| Problem description |
Only the pictures are dropped. Restate each line below word for word.

| Data provided |
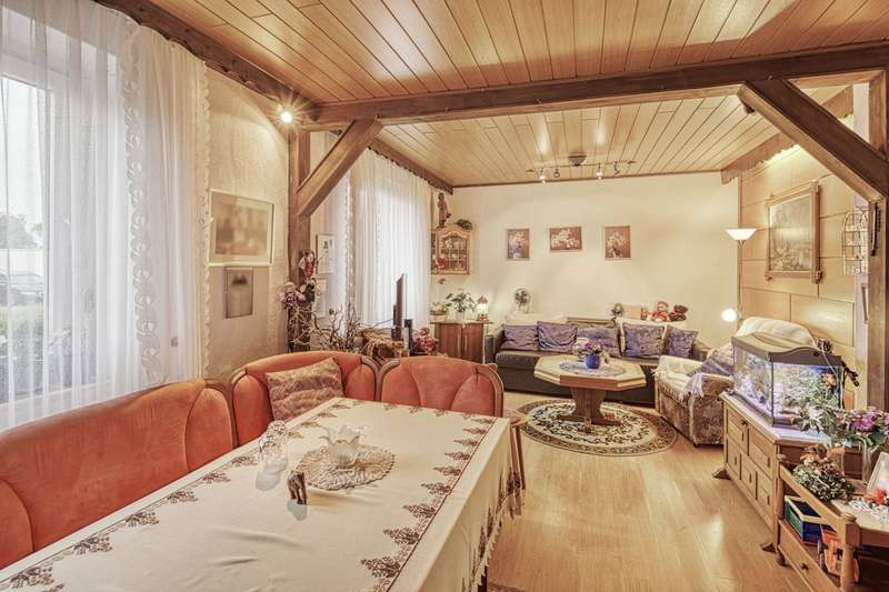 VON POLL Immobilien presents this charming detached house in Kerpen-Buir. The detached house was built in 1900 and has been rented to the same tenants for over 40 years. The basic rent is currently 470.00 euros. On the first floor, the rustic hallway leads to the guest WC, the living and dining area and the kitchen, from which there is a beautiful view of the garden. The wooden staircase leads to the upper floor. Two bedrooms lead off the large hallway. One of them is a walk-through room and therefore has two rooms. The bathroom with bathtub and another room, which is currently used as a storage room, are located in the converted attic. The beautiful garden is used by the tenant and offers plenty of space to relax. The basement offers additional storage space. The house is heated with gas heating from 2000. The so-called "Buirer Sprung" runs through part of the property. We would be happy to provide you with more information about this in a further conversation. There is also a hall of approx. 100 m² on the property, which has also been rented out for many years. The monthly rental income for this amounts to 100.00 euros. Further development of the property would also be possible. Please note that the building authorities do not have any documents relating to the property. Please contact us for an individual viewing appointment. We look forward to seeing you!
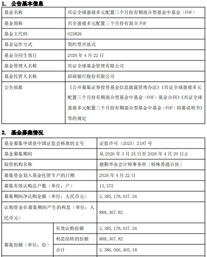 募集期间净认购金额3,385,178,037.56元,认购资金在募集期间产生的利息888,367.82元,募集份额合计3,386,066,405.38份。
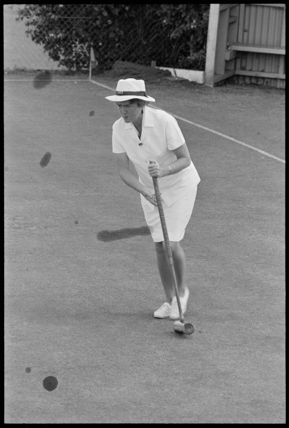 Date17 November 1973Reference NumberPhoto gcc-30509DescriptionMrs R. J. Sparling of Mount Maunganui completes a shot during the senior doubles at the Tauranga Croquet Club's open annual tournament at the Domain. Not published 17 November 1973.FormatNegativePhysical Description35mm black-and-white negative (6/8)Photographer/CreatorBay of Plenty Times
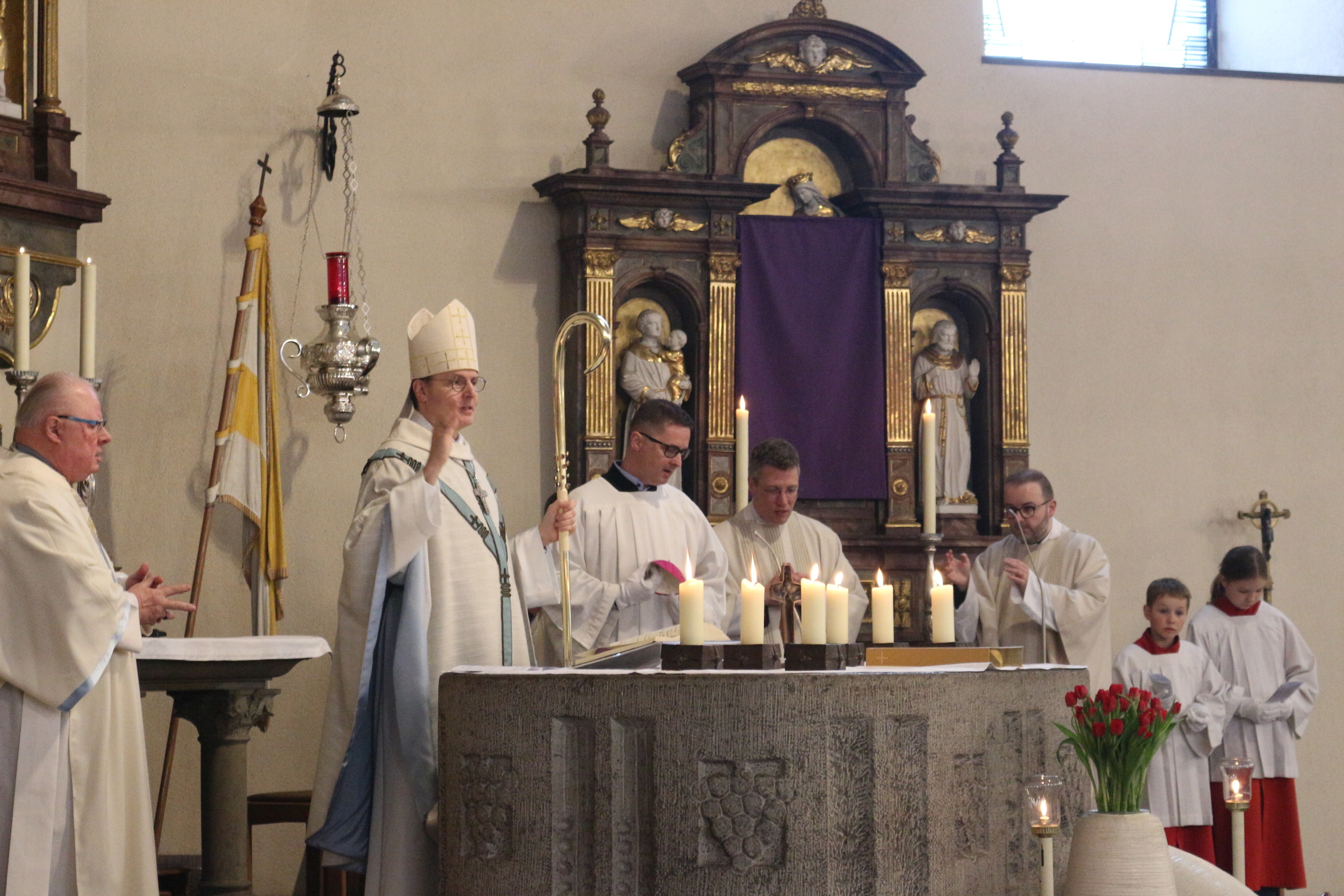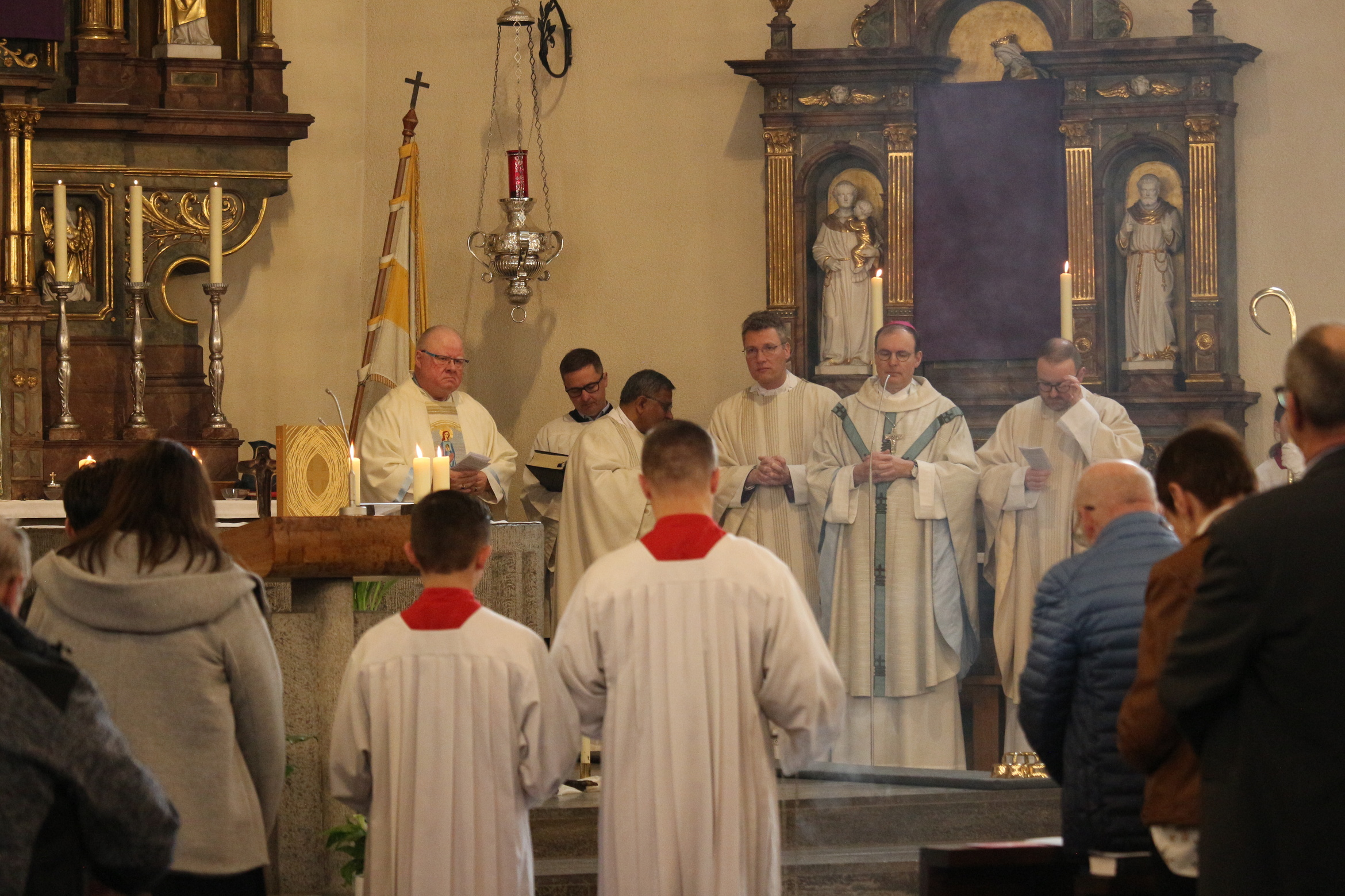 Musikalisch gestaltete als Kantor und Organist Jakob Keller die Heilige Messe in der St. Johanneskirche. Vorbereitet hatten die Firmlinge Diakon Frank Menig, Barbara Gössmann-Schmitt und Pfarrer Dr. Eugen Daigeler. Er stand gemeinsam mit dem Hesselbacher Pfarrer Kai Söder, mit Kaplan Stephen Kulandai und mit Diakon Dr. Michael Wahler am Altar beim Pontifikalamt zur Firmung.

| Answer area |
 VON POLL Immobilien presents this charming detached house in Kerpen-Buir. The detached house was built in 1900 and has been rented to the same tenants for over 40 years. The basic rent is currently 470.00 euros. On the first floor, the rustic hallway leads to the guest WC, the living and dining area and the kitchen, from which there is a beautiful view of the garden. The wooden staircase leads to the upper floor. Two bedrooms lead off the large hallway. One of them is a walk-through room and therefore has two rooms. The bathroom with bathtub and another room, which is currently used as a storage room, are located in the converted attic. The beautiful garden is used by the tenant and offers plenty of space to relax. The basement offers additional storage space. The house is heated with gas heating from 2000. The so-called "Buirer Sprung" runs through part of the property. We would be happy to provide you with more information about this in a further conversation. There is also a hall of approx. 100 m² on the property, which has also been rented out for many years. The monthly rental income for this amounts to 100.00 euros. Further development of the property would also be possible. Please note that the building authorities do not have any documents relating to the property. Please contact us for an individual viewing appointment. We look forward to seeing you!
 募集期间净认购金额3,385,178,037.56元,认购资金在募集期间产生的利息888,367.82元,募集份额合计3,386,066,405.38份。
 Date17 November 1973Reference NumberPhoto gcc-30509DescriptionMrs R. J. Sparling of Mount Maunganui completes a shot during the senior doubles at the Tauranga Croquet Club's open annual tournament at the Domain. Not published 17 November 1973.FormatNegativePhysical Description35mm black-and-white negative (6/8)Photographer/CreatorBay of Plenty Times
 Musikalisch gestaltete als Kantor und Organist Jakob Keller die Heilige Messe in der St. Johanneskirche. Vorbereitet hatten die Firmlinge Diakon Frank Menig, Barbara Gössmann-Schmitt und Pfarrer Dr. Eugen Daigeler. Er stand gemeinsam mit dem Hesselbacher Pfarrer Kai Söder, mit Kaplan Stephen Kulandai und mit Diakon Dr. Michael Wahler am Altar beim Pontifikalamt zur Firmung.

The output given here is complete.